Apical 5-chamber (A5C)	From A4C position, the probe is flattened further (beam tilted further cranially) to visualize the AV and LVOT.	A cousin of the A4C, obtained with probe in similar position but tilted upwards to include the AV and LVOT. Similar information to A4C, but A5C is primarily used to calculate cardiac output.
Subcostal IVC (SIVC)	The probe is placed just to the right of midline and oriented in a parasagittal plane with indicator directed caudally to visualize the intrahepatic IVC in longitudinal view.	Longitudinal view of the intrahepatic IVC as it enters the RA. Used to evaluate for IVC collapse with respiratory variation as an indication of hypovolemia.

LV, left ventricle; RV, right ventricle; LVOT, left ventricular outflow tract; AV, aortic valve; MV, mitral valve; RA, right atrium; LA, left atrium; TV, tricuspid valve; IVC, inferior vena cava.

Data acquisition

The FoCUS examination involves systematic evaluation of certain anatomic and physiologic parameters. Targets of evaluation in the setting of acute hypotension include global left ventricular (LV) systolic function, size, and wall thickness; global right ventricular (RV) systolic function, size, and wall thickness; presence of pericardial effusion and tamponade physiology; IVC size and collapsibility as a marker of intravascular volume status; presence of gross valvular abnormalities and outflow obstruction; and existence of any large intracardiac masses. The broad goals of imaging are to identify impairments in systolic cardiovascular performance, gross anatomic lesions that may impair cardiac function (eg, valvular, intracavitary, or myocardial lesions), hemodynamic derangements (eg, fluid overload or hypovolemia), and existence of chronic cardiac disease (eg, chronic heart failure or cardiomyopathy).

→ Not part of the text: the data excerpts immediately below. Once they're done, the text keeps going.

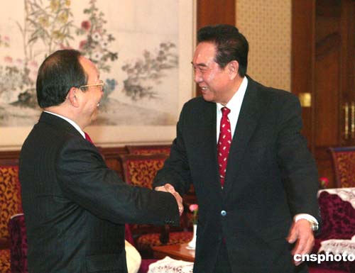 國務(wù)院臺(tái)灣事務(wù)辦公室主任陳云林,一月十日在北京會(huì)見由國民黨中央政策會(huì)執(zhí)行長曾永權(quán)(圖左)率領(lǐng)的“推動(dòng)臺(tái)商春節(jié)包機(jī)參訪團(tuán)”。中新社記者:滿會(huì)喬
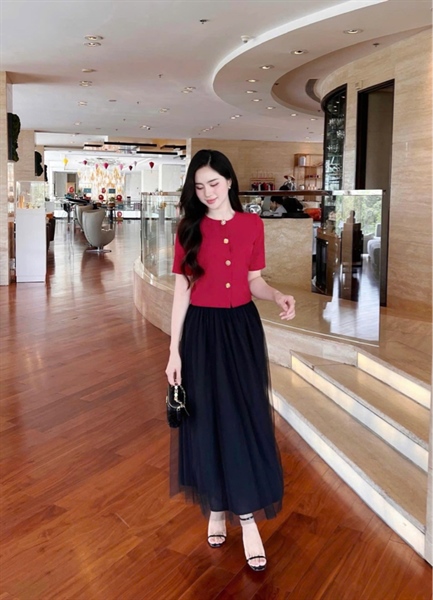 Set nữ thiết kế áo dạ đỏ cổ tròn tay ngắn phối chân váy midi voan đen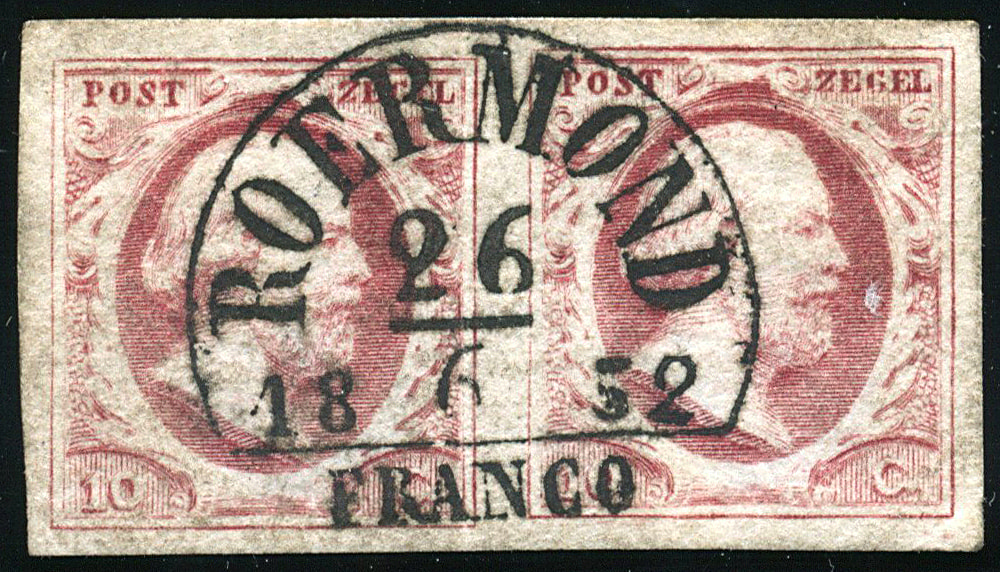 ROERMOND B (de H/S 50) op 10 cent nr. 2b-Pl.I-59/60. Breed gerand, iets minder fris paar met centrale, superbe afst. (Image)
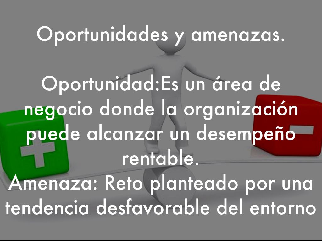 Oportunidad:Es un área de negocio donde la organización puede alcanzar un desempeño rentable.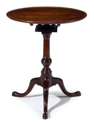 Having a circular dish molded top on birdcage tilting mechanism, slender shaft terminating in a suppressed ball, plain cabriole legs with snake head feet.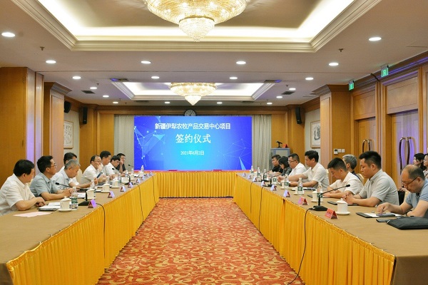 2021年6月2日,新立訊股份與伊寧市人民政府在江蘇南京西康賓館隆重舉行簽約儀式,雙方就新疆伊犁農(nóng)牧產(chǎn)品交易中心項目現(xiàn)場簽約。伊犁州黨委副書記、自治州代州長哈丹·卡賓,伊犁州黨委副書記、江蘇援伊前方指揮部黨委書記、總指揮朱斌,伊犁州黨委常委、州紀(jì)委書記、監(jiān)委主任丁邦文,伊寧市委副書記、市長卡米力江·玉蘇甫江,中國(南京)軟件谷管委會主任孫中華與江蘇省、南京援疆工作組、南京市發(fā)改委等相關(guān)領(lǐng)導(dǎo),新立訊董事長毛霖及公司高管余治、李偉、陳凱等共同出席簽約儀式。伊寧市委副書記、南京援疆工作組組長鄭曉明主持。

LV systolic function, size, and wall thickness

LV systolic function can be assessed qualitatively on the parasternal long axis (PLAX), parasternal short axis (PSAX), apical 4-chamber (A4C), and subcostal 4-chamber (S4C) views. Vigorous wall contraction towards the center of the ventricle and strong anterior mitral valve leaflet motion towards the interventricular septum indicate normal contractility, corresponding to an ejection fraction (EF, percentage of blood filling the ventricle at the end of diastole that is ejected out into the aorta during systole) of 55%-69%. Depressed contractility will appear as sluggish ventricular wall movement with poor squeeze towards the center of the ventricle on any view, while hyperdynamic function appears as near-complete collapse of the ventricular cavity with systole. Mildly reduced contractility indicates EF 45-54%, moderately reduced indicates EF 30-44%, and severely reduced is EF <30%. Any regional wall motion abnormalities should also be noted, as these may indicate remote or acute infarction or cardiomyopathy (eg, Takotsubo). Ejection fraction can also be assessed quantitatively by several methods such as fractional shortening, E-point septal separation, and Simpson (biplane) method; however, these may be time-intensive and difficult to perform accurately for the nonechocardiographic expert. One technique involves calculating the stroke volume (volume of blood ejected from the LV with each cardiac cycle, or end-systolic LV volume subtracted from end-systolic volume). This is obtained by multiplying the diameter of the left ventricular outflow tract (LVOT) measured in PLAX view by the velocity-time integral (VTI). VTI is calculated by an ultrasound machine function after the operator traces one systolic velocity waveform on pulsed-wave Doppler with gate positioned at the LVOT in A4C view ( Fig. 3 ). Normal stroke volume ranges between 60 – 100 ml.